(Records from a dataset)
----
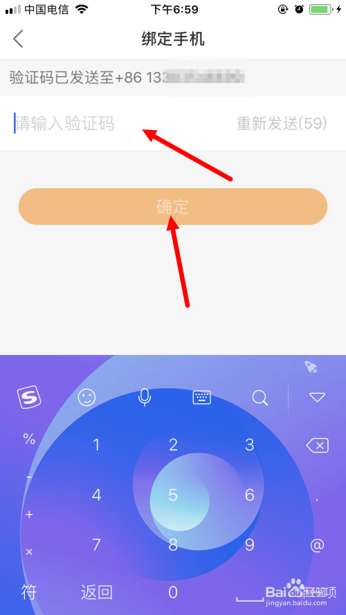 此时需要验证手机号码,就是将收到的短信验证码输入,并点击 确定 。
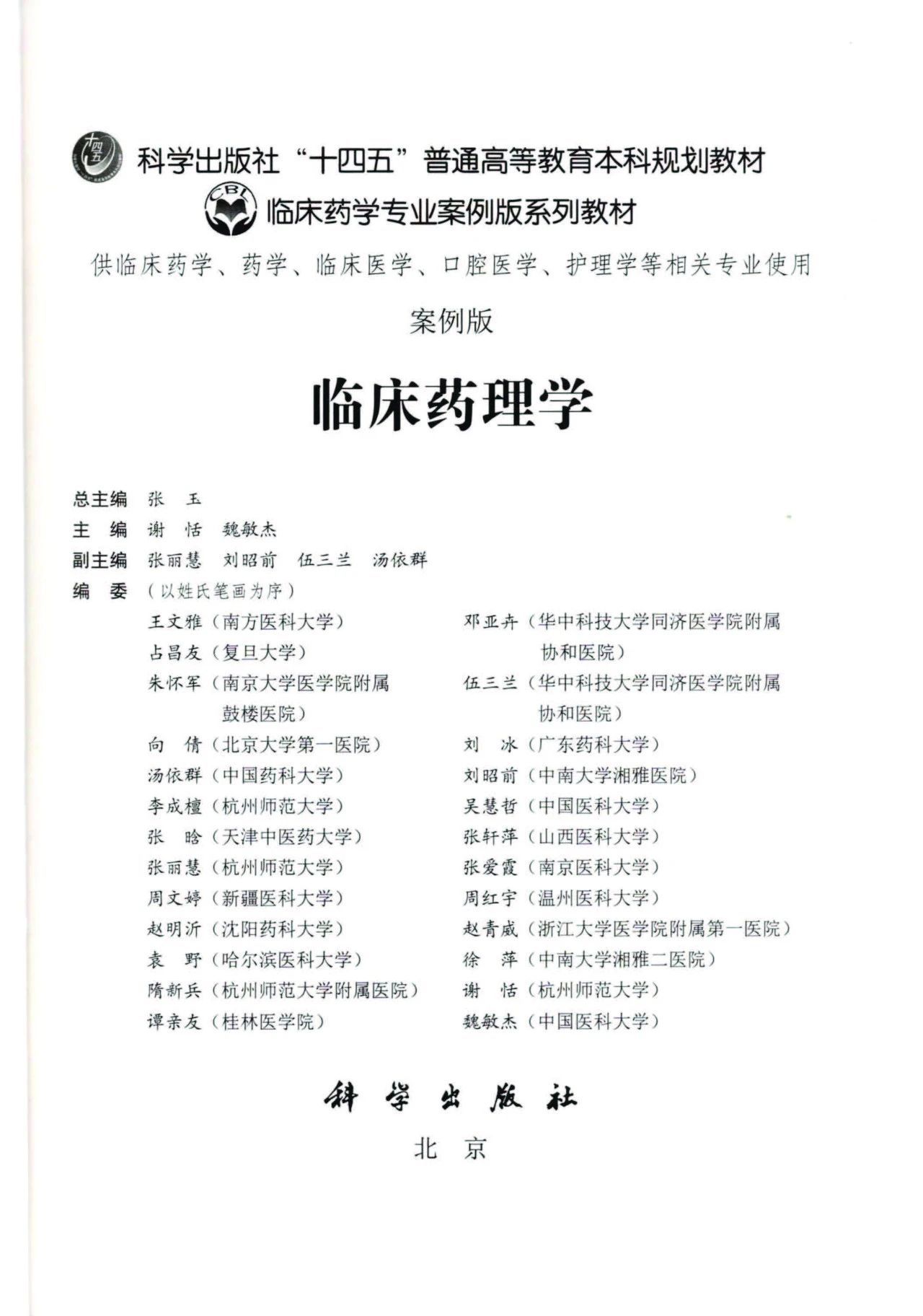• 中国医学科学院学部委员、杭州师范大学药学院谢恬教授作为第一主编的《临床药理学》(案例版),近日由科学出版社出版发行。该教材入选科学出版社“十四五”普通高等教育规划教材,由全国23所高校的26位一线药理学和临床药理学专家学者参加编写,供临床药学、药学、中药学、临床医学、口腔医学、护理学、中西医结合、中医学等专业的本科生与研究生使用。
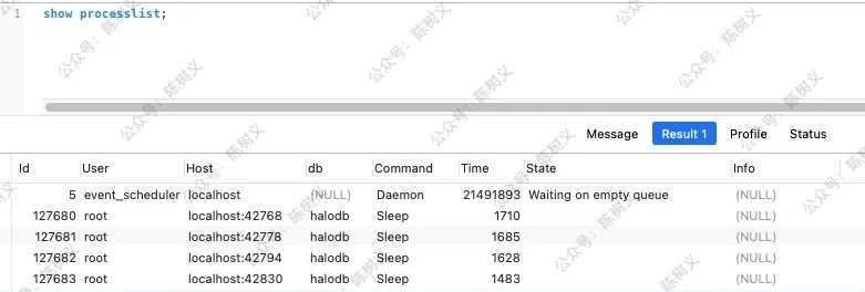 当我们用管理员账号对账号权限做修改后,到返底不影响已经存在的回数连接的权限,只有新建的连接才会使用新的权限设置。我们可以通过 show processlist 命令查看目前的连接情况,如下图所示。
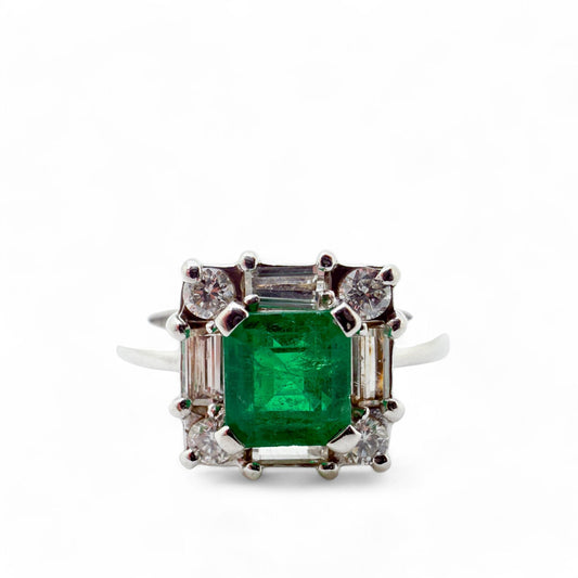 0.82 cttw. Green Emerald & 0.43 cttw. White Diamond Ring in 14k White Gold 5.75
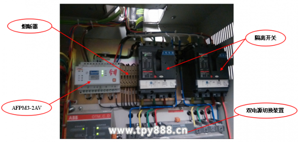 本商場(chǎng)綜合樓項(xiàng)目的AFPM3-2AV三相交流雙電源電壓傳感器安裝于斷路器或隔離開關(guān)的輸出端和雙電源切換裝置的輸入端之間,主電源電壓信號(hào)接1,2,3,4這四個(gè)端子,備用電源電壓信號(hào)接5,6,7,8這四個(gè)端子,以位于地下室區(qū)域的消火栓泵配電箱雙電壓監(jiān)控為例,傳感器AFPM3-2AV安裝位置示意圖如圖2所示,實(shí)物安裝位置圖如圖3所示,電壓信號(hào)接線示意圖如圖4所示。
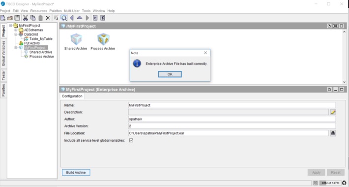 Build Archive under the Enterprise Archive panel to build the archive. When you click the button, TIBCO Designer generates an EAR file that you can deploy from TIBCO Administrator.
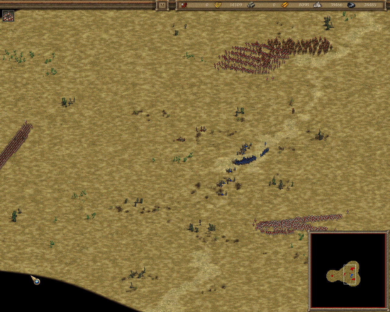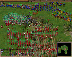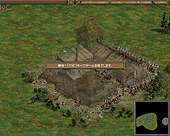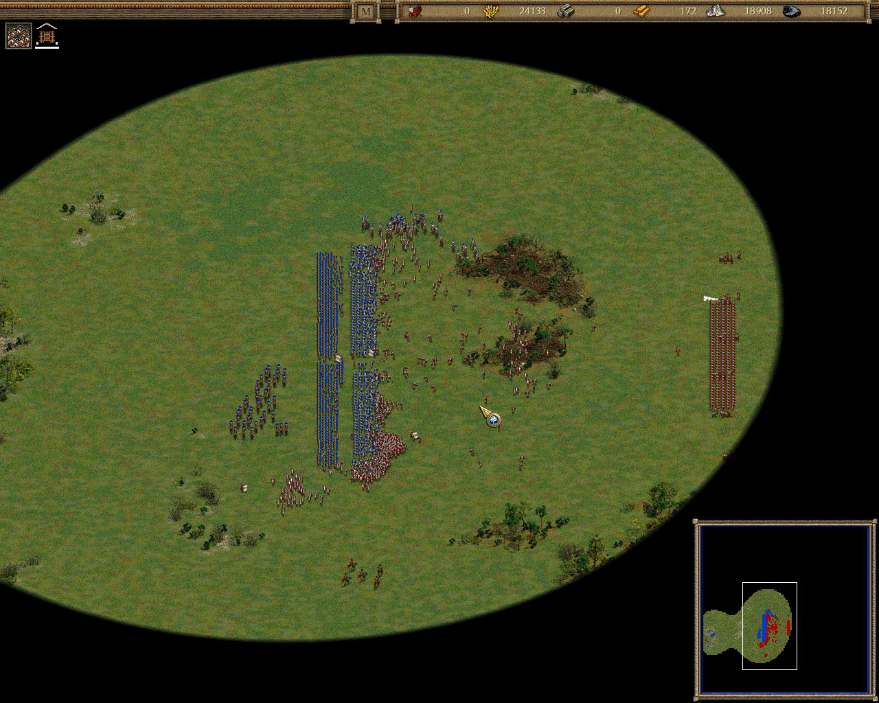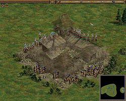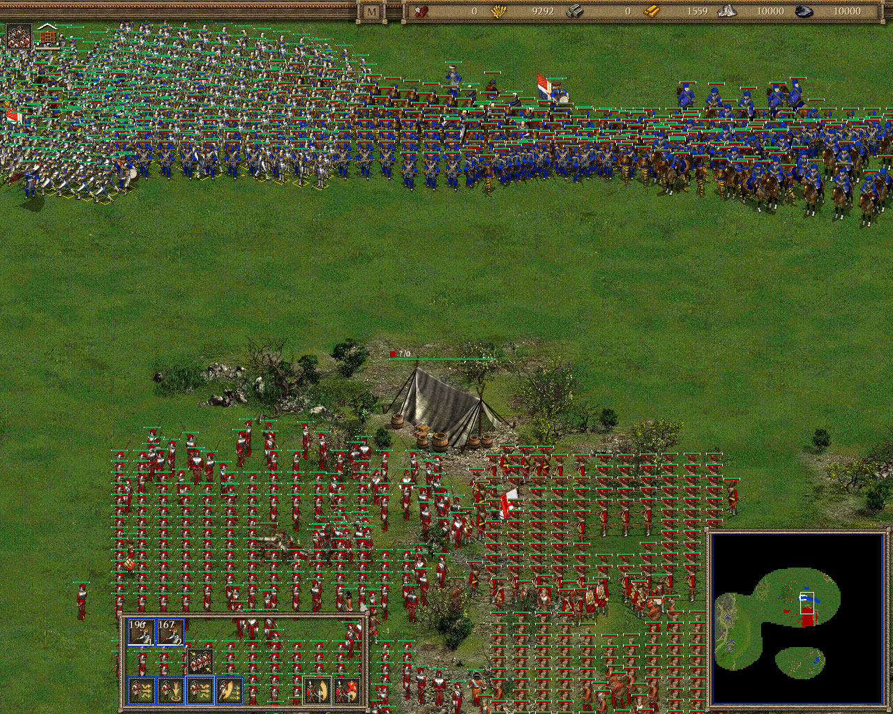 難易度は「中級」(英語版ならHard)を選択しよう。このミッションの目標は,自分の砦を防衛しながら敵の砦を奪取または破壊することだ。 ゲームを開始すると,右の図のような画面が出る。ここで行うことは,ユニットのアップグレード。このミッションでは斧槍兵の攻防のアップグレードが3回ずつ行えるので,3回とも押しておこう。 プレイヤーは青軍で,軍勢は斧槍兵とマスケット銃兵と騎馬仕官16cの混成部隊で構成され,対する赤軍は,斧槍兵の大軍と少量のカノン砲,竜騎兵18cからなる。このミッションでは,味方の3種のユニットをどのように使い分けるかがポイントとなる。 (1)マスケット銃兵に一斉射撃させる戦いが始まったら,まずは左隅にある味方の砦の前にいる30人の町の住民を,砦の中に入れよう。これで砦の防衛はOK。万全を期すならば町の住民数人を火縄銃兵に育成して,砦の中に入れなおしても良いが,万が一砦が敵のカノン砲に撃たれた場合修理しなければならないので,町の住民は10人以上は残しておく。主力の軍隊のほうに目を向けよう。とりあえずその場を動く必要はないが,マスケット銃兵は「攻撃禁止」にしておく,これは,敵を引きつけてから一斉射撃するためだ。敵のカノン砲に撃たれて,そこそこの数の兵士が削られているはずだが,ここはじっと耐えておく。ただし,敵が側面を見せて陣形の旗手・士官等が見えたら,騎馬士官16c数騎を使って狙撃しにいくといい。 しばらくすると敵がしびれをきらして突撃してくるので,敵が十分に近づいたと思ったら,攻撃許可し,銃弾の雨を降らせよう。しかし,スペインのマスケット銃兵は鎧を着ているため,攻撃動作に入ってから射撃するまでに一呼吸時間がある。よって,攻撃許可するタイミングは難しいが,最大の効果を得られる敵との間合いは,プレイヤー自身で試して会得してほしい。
----
▸ **PROBLEM TO WORK ON**
Begin at the line containing "本商場(chǎng)綜合樓項" and stop at the last line of the data. Repeat only those lines, exactly, and leave out the pictures.

▸ **EXPECTED ANSWER**
 本商場(chǎng)綜合樓項(xiàng)目的AFPM3-2AV三相交流雙電源電壓傳感器安裝于斷路器或隔離開關(guān)的輸出端和雙電源切換裝置的輸入端之間,主電源電壓信號(hào)接1,2,3,4這四個(gè)端子,備用電源電壓信號(hào)接5,6,7,8這四個(gè)端子,以位于地下室區(qū)域的消火栓泵配電箱雙電壓監(jiān)控為例,傳感器AFPM3-2AV安裝位置示意圖如圖2所示,實(shí)物安裝位置圖如圖3所示,電壓信號(hào)接線示意圖如圖4所示。
 Build Archive under the Enterprise Archive panel to build the archive. When you click the button, TIBCO Designer generates an EAR file that you can deploy from TIBCO Administrator.
 難易度は「中級」(英語版ならHard)を選択しよう。このミッションの目標は,自分の砦を防衛しながら敵の砦を奪取または破壊することだ。 ゲームを開始すると,右の図のような画面が出る。ここで行うことは,ユニットのアップグレード。このミッションでは斧槍兵の攻防のアップグレードが3回ずつ行えるので,3回とも押しておこう。 プレイヤーは青軍で,軍勢は斧槍兵とマスケット銃兵と騎馬仕官16cの混成部隊で構成され,対する赤軍は,斧槍兵の大軍と少量のカノン砲,竜騎兵18cからなる。このミッションでは,味方の3種のユニットをどのように使い分けるかがポイントとなる。 (1)マスケット銃兵に一斉射撃させる戦いが始まったら,まずは左隅にある味方の砦の前にいる30人の町の住民を,砦の中に入れよう。これで砦の防衛はOK。万全を期すならば町の住民数人を火縄銃兵に育成して,砦の中に入れなおしても良いが,万が一砦が敵のカノン砲に撃たれた場合修理しなければならないので,町の住民は10人以上は残しておく。主力の軍隊のほうに目を向けよう。とりあえずその場を動く必要はないが,マスケット銃兵は「攻撃禁止」にしておく,これは,敵を引きつけてから一斉射撃するためだ。敵のカノン砲に撃たれて,そこそこの数の兵士が削られているはずだが,ここはじっと耐えておく。ただし,敵が側面を見せて陣形の旗手・士官等が見えたら,騎馬士官16c数騎を使って狙撃しにいくといい。 しばらくすると敵がしびれをきらして突撃してくるので,敵が十分に近づいたと思ったら,攻撃許可し,銃弾の雨を降らせよう。しかし,スペインのマスケット銃兵は鎧を着ているため,攻撃動作に入ってから射撃するまでに一呼吸時間がある。よって,攻撃許可するタイミングは難しいが,最大の効果を得られる敵との間合いは,プレイヤー自身で試して会得してほしい。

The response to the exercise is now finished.